Cutting between shots taken at different times or from different perspectives is known as film editing, and is one of the central arts of filmmaking.

==Duration==

The length of shots is an important consideration that can greatly affect a film. The purpose of editing any given scene is to create a representation of the way the scene might be perceived by the "story teller." Shots with a longer duration can make a scene seem more relaxed and slower-paced whereas shots with a shorter duration can make a scene seem urgent and faster-paced.

The average shot length (ASL) of a film is one of its cinemetrical measures. For example, The Mist has a length of 117 minutes and consists of 1292 shots, so the ASL is 5.4 seconds, while Russian Ark is a single 96-minute long take, so an ASL of 96 minutes or about 5,760 seconds, a factor of 1,000 difference.

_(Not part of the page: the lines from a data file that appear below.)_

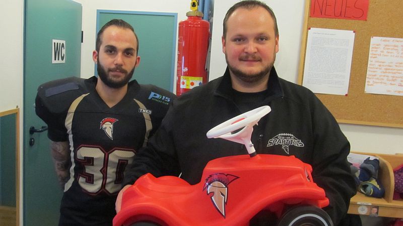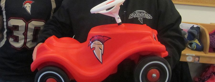 Dabei hat das Bobby Car eine kleine Besonderheit: Die Spartans statteten es mit ihrem Logo aus, so dass die KiTa St. Nikolaus nun das einzige offizielle Spartans-Bobby Car der Welt besitzt.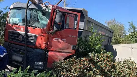 На кадрах с последствиями ДТП видно, что самосвал Sitrak после остановки накренился на левый борт.
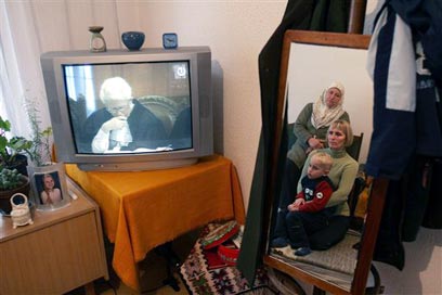 נשים בוסניות צופות בפסק הדין בטלוויזיה (צילום: איי.פי)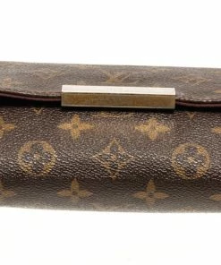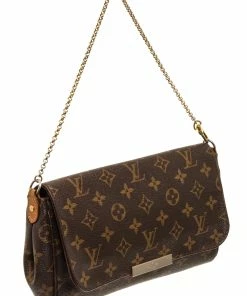 Louis Vuitton Favorite PM Brown Monogram Canvas Cross Body Bag with material Monogram Canvas, gold-toneย hardware, interior slip pocket, burgundy canvas lining, Removeable chain strap and long leather shoulder strap and flapย closure.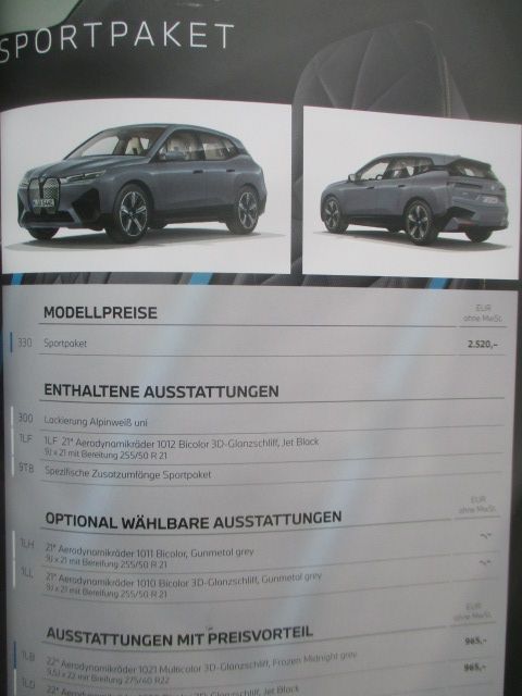 BMW iX xDrive40 50 (i20) Katalog +Preise Version Austria Januar 2022 mit Sportpaket,Ausstattungen,Farben/Polster, 37 Seiten stark,neu, Einzelstück aus Österreich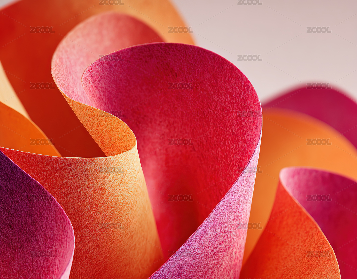 彩色纸张卷曲形成抽象纹理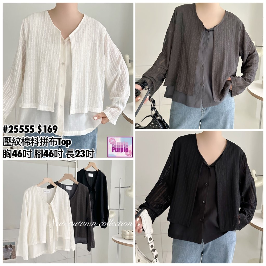 主頁 (現貨) #25555 BONNIE壓紋棉料拼布Top (胸46吋 腳46吋 長23吋)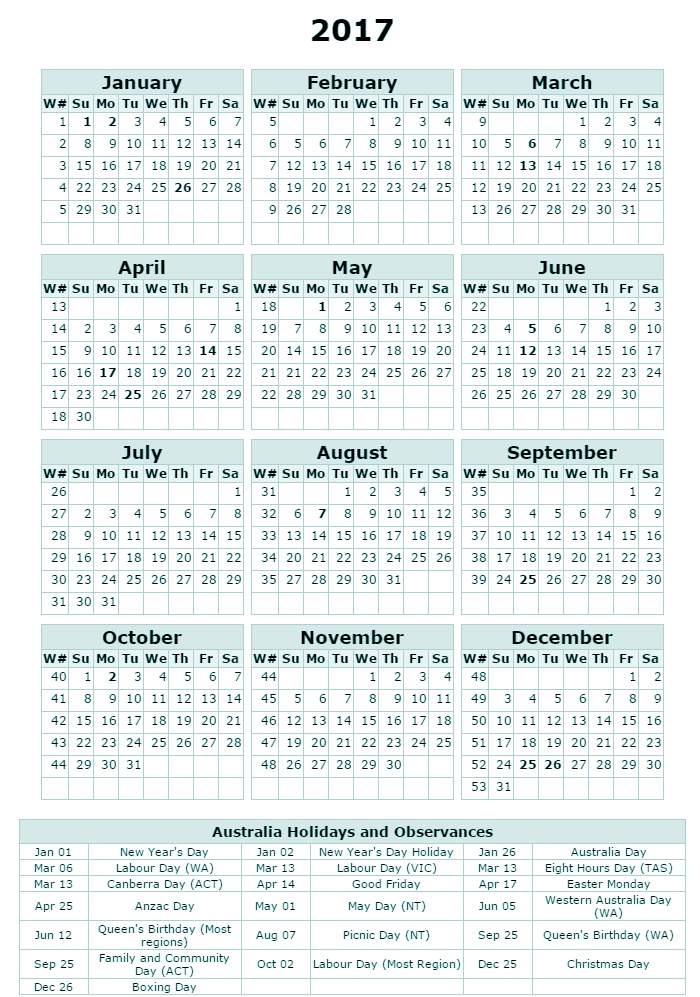 Free Printable Calendar 2018 Australia 2017 Calendar with holidays

Shots with extremely long durations are difficult to do because any error in the shot would force the filmmaker to restart from scratch, and are thus only occasionally used. Films famous for their long cuts include Francis Ford Coppola's The Godfather in which the entire first scene is a long take featuring Bonasera describing the assault on his daughter, and Alfred Hitchcock's Rope, which only cuts at the end of each reel, and does so surreptitiously so that it seems as if the whole film is one take. Orson Welles's Touch of Evil opens with a long tracking crane shot, as does Robert Altman's The Player.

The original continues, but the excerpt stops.